PESTICIDES
Pesticides is a broad umbrella term that includes insecticides, herbicides, and fungicides. Some people rely on these products to make their yards beautiful and pest-free. However these products are not risk free.
Much like seedlings carried by wind, pesticides don't necessarily stay where you put them. They may drift from one yard to another and even get tracked into neighbors' houses. Pesticidal residue can easily be transported into clothes, carpets, food, and bedding. They come inside on the bottoms of shoes, on the tips of gardening gloves, and on pet's fur.
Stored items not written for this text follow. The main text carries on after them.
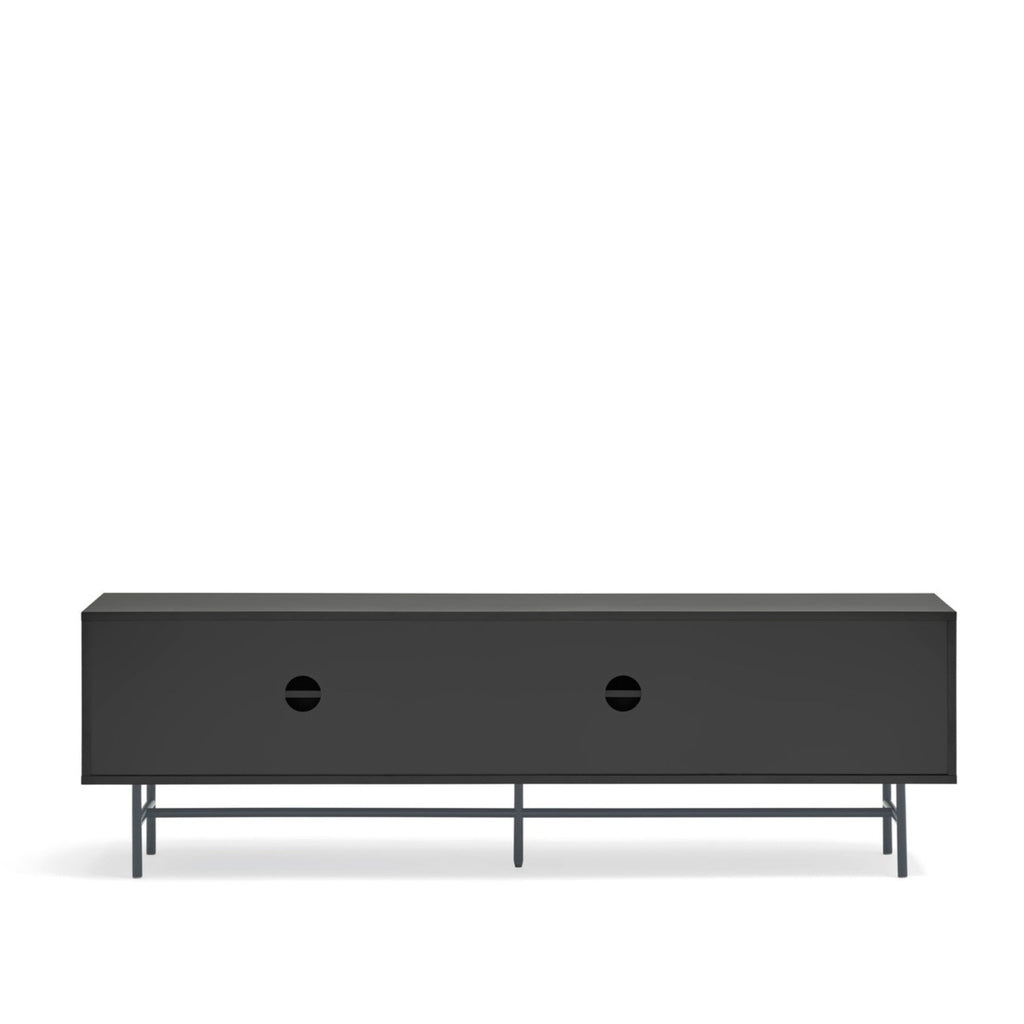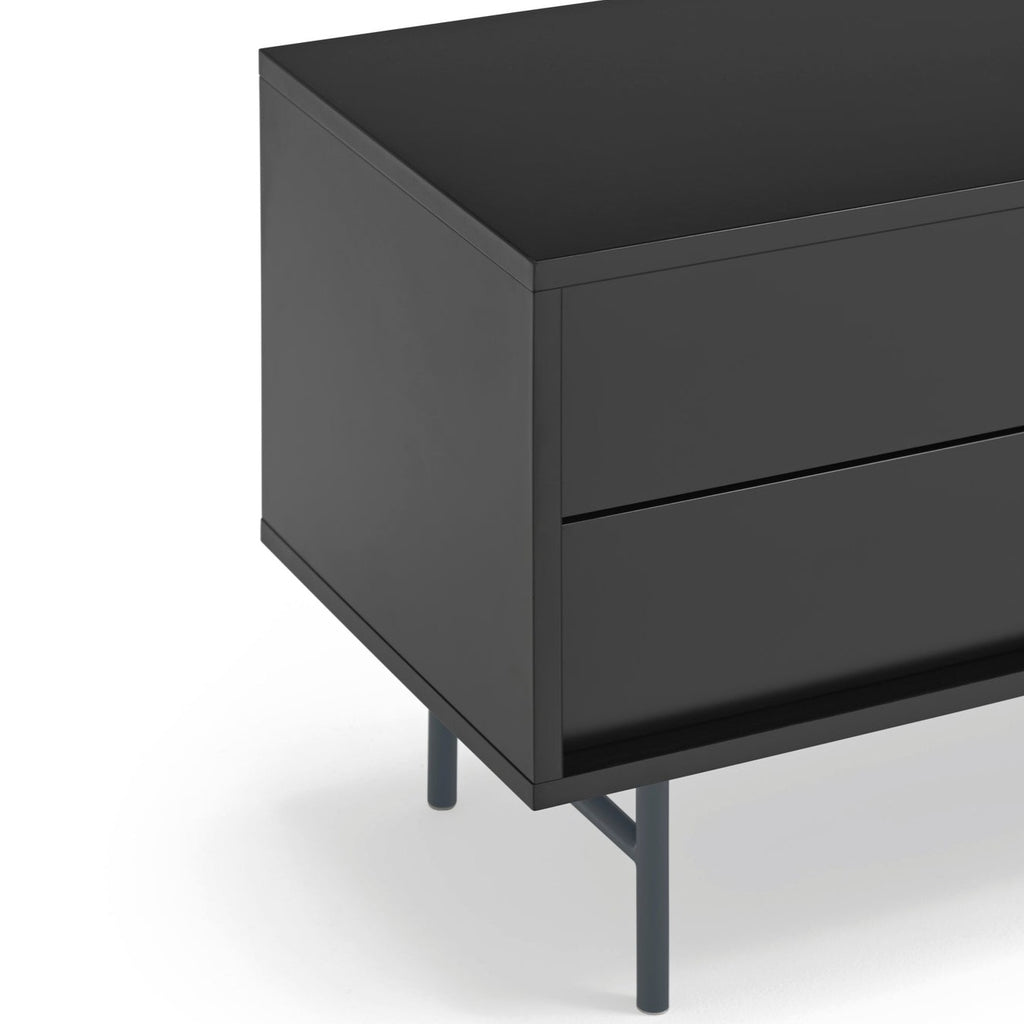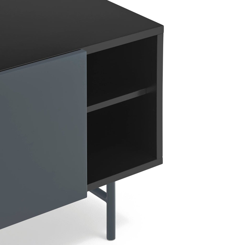 This stunning media unit features a sophisticated black lacquered MDF structure that houses two premium drawers with whisper-quiet soft-close runners. The innovative layout includes a dedicated door compartment with an integrated shelf and strategically placed AV access point for seamless connectivity. The standout anthracite sliding door adds a touch of elegance while offering versatile concealment options—effortlessly glide it to cover either the drawers/door or the open compartment space according to your preference. Supported by a striking black powder-coated metal frame that provides both stability and visual contrast, this cabinet makes a bold statement in any interior. With generous dimensions of 180cm width, 40cm depth, and 56cm height, it offers abundant storage without overwhelming your space.
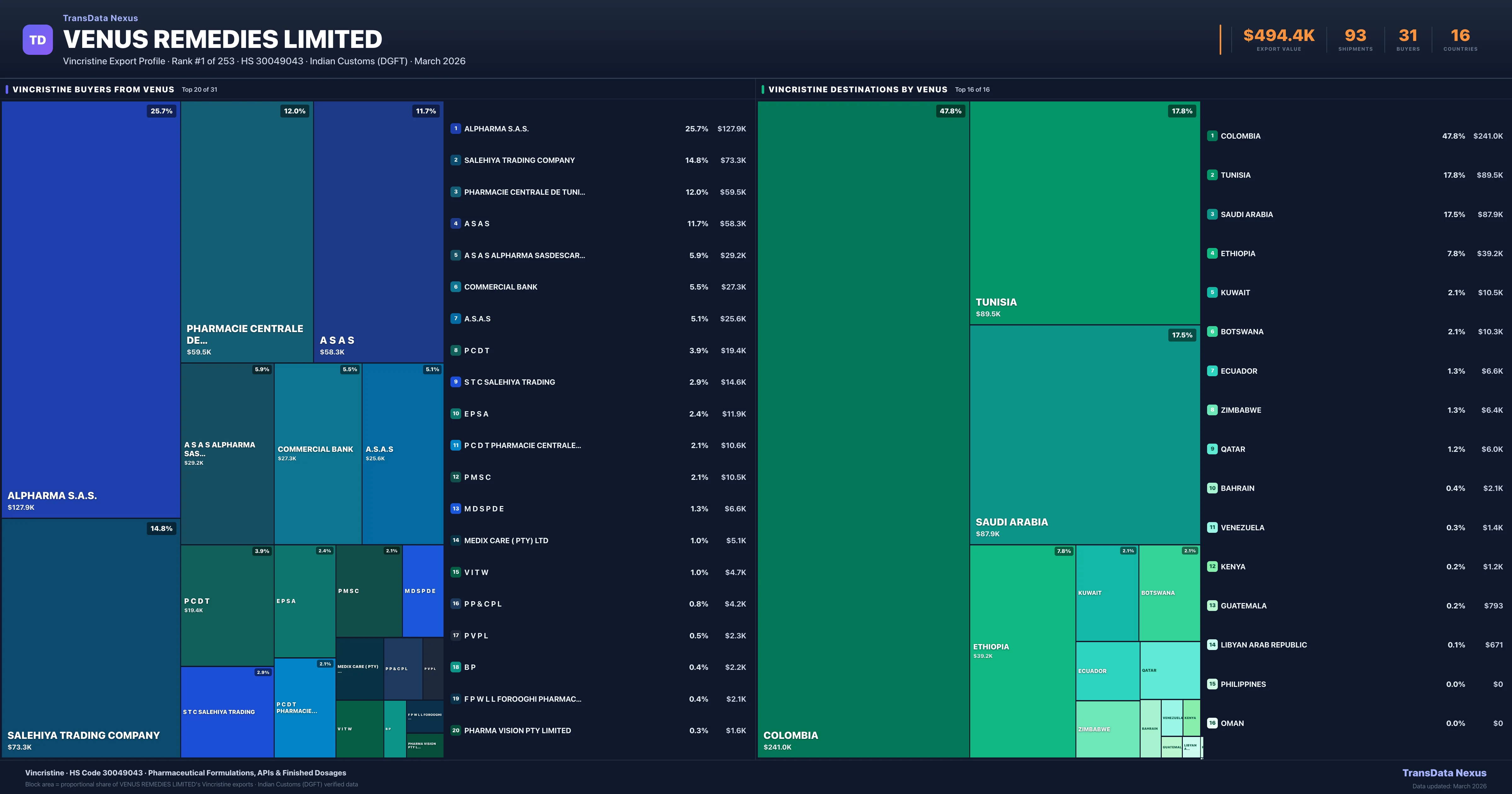 Venus Remedies Limited — Vincristine Export Profile: Buyers & Destinations
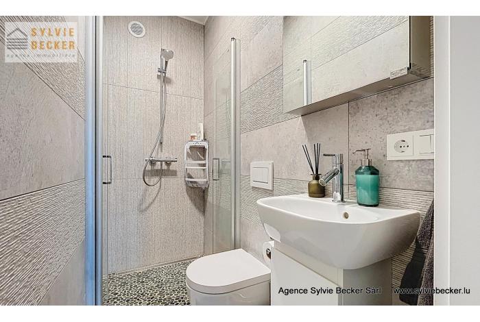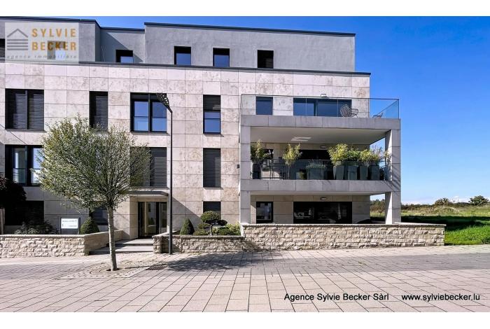 Appartement récent (2015) de 2 chambres, 2 salles de douche, avec une grande terrasse de 29m2, au sein d'un immeuble situé dans la Cité Pescher à Strassen.
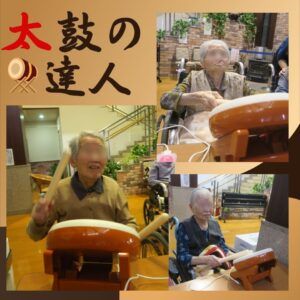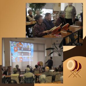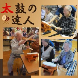 ボランティア様による本物の和太鼓演奏が控えていることもあり、その前に皆さん自身も“和太鼓気分”を味わおうと企画したレクリエーションです。
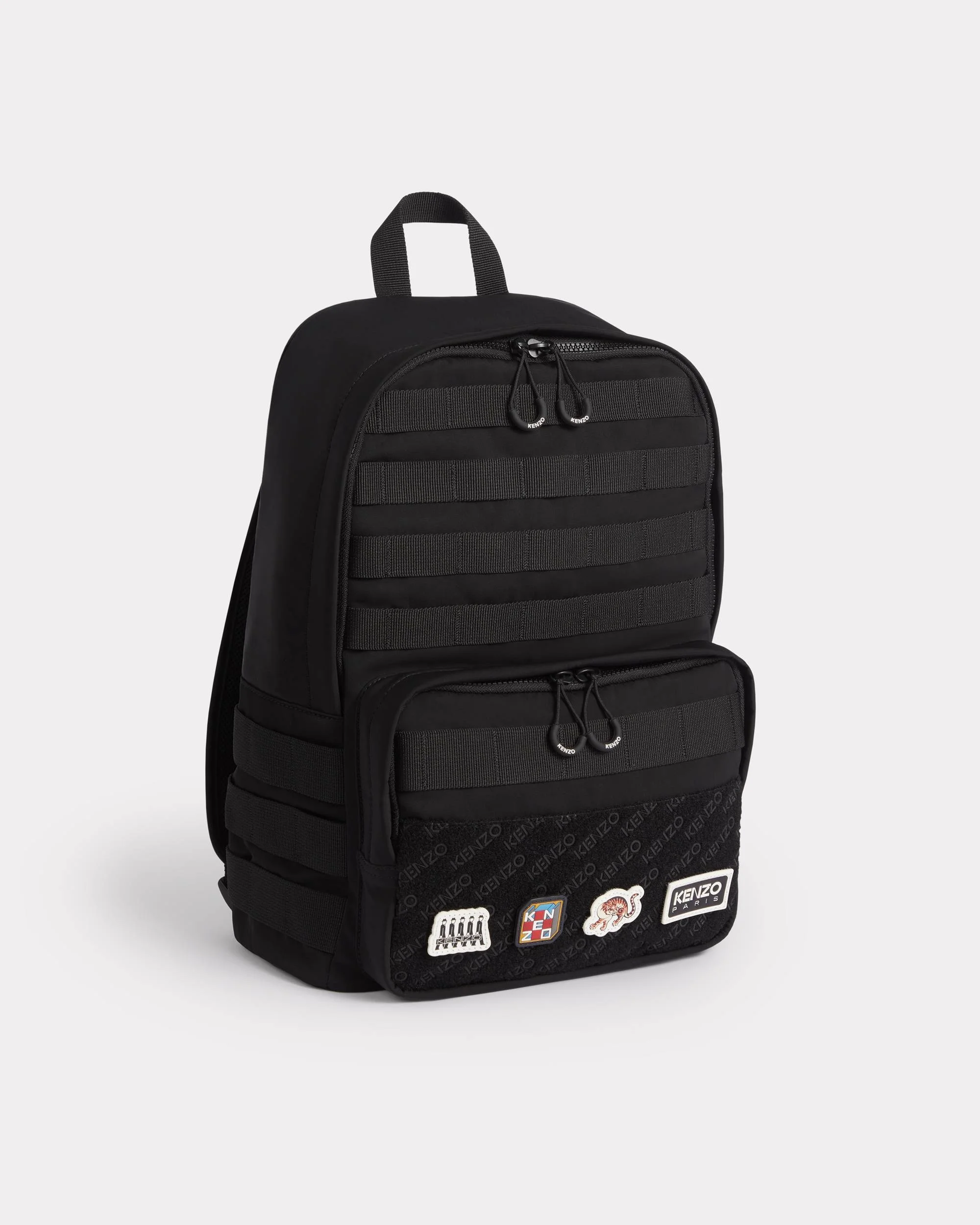 'KENZO Jungle' backpack. Adjustable shoulder straps. Top handle. Two-way zip fastener. Zip fastener for the front pocket. 1 inside computer compartment pocket. 1 inside flat pocket. 1 outside zipped pocket. 4 badges. Matt Black PVD. Detachable badges including KENZO Paris logo. Monogram on the velcro part. Branded zip pullers. Monogram jacquard lining. Carried as a backpack. Product Reference: FE65SA203F20.99.TU SIZE & FIT Dimensions : 30 x 41 x 19 cm. COMPOSITION & CARE Made in China 69% polyester, 31% nylon Do not bleach Do not dry-clean Do not iron Do not dry Do not tumble dry Do not wash Do not wet-clean
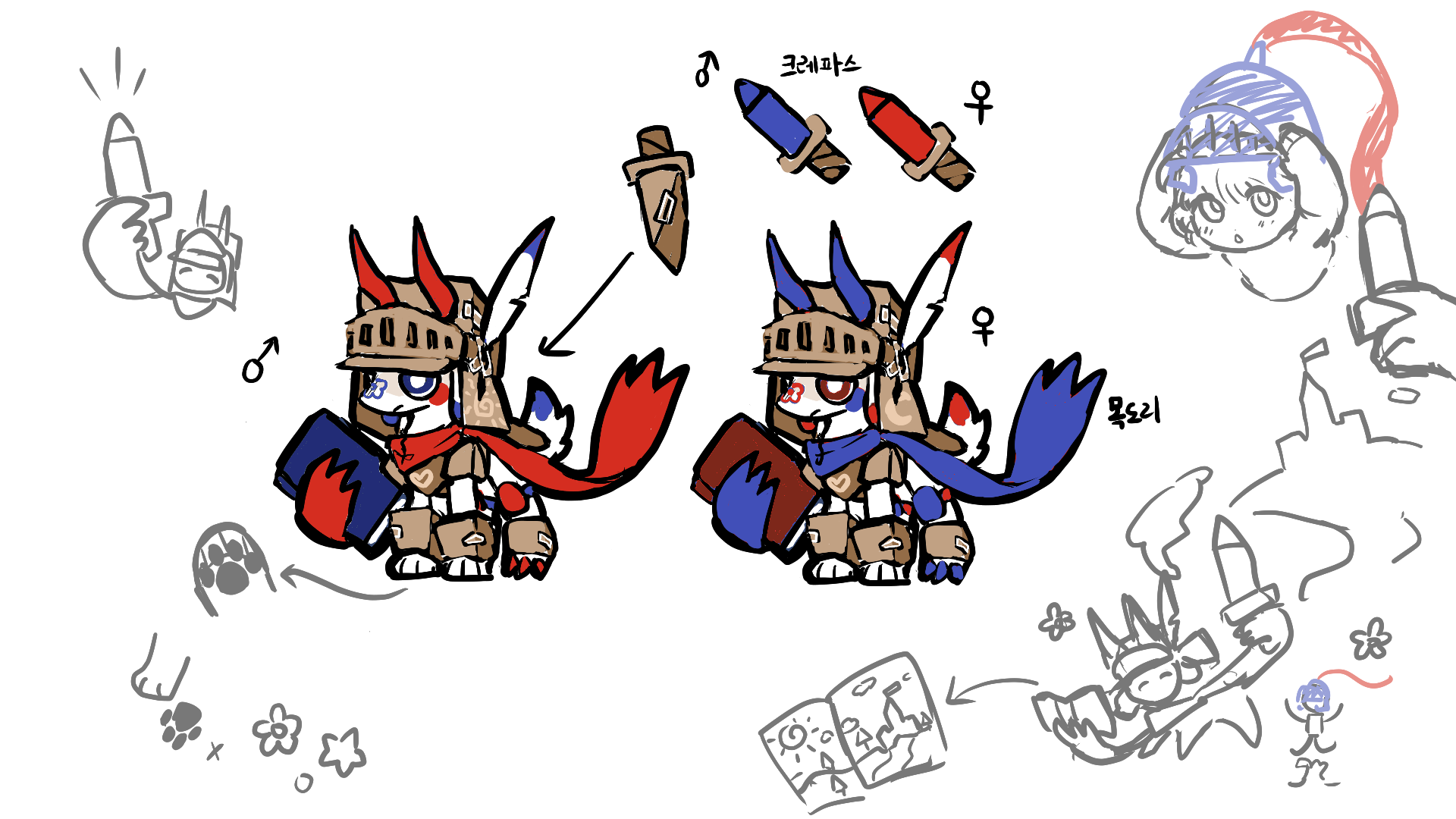 파믈로(암수)가 파랑과 빨강인 이유는.. 제가 어린시절에 알던 기사는 빨강과 파랑뿐이어서 그렇게 정했던듯 하네요
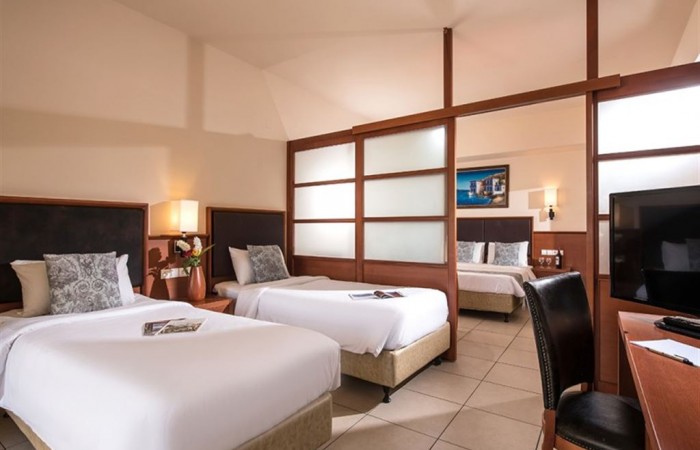 Toate spatiile de cazare sunt prevazute cu aer conditionat si mobilier elegant, telefon direct, seif (contra cost), mini-frigider, baie (cada-dus), uscator de par, articole de toaleta gratuite. Cele 267 de camere si suite elegante sunt inconjurate de palmieri inalti si gradini amenajate si ofera vedere la piscina, gradina sau la mare. Unele spatii de cazare sunt prevazute cu o piscina proprie cu terasa din lemn. Internet wireless este disponibil in intregul hotel si este gratuit.
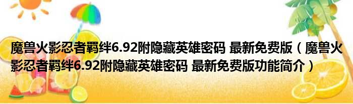 魔兽火影忍者羁绊6.92附隐藏英雄密码 最新免费版(魔兽火影忍者羁绊6.92附隐藏英雄密码 最新免费版功能简介)

If you have children or grandchildren, think carefully before using pesticides. In general children are more heavily exposed to pesticides than the average adult. Pound for pound, developing children take in more air, water, and food than adults and thus take a greater volume and number of chemicals into their bodies. Children are also closer to the ground where chemicals are sprayed. Children often put their hands, blades of grass or other objects in their mouths. (Go to the Safe Schools program for information on reducing pesticides use in schools.)
Pesticides also leach into the groundwater and are washed from fields, gardens, and lawns by rain and are a source of pollution in streams, rivers, and lakes. Concentrations of pesticides in surface water rise sharply each spring with heavy residential use.
So, spraying the lawn for annoying weeds or spraying the garden for insects, is, in effect, spraying ourselves, our children, grandchildren, neighbors, and our waterways.
Green lawns and vibrant gardens do not have to be sacrificed in order to avoid these risks.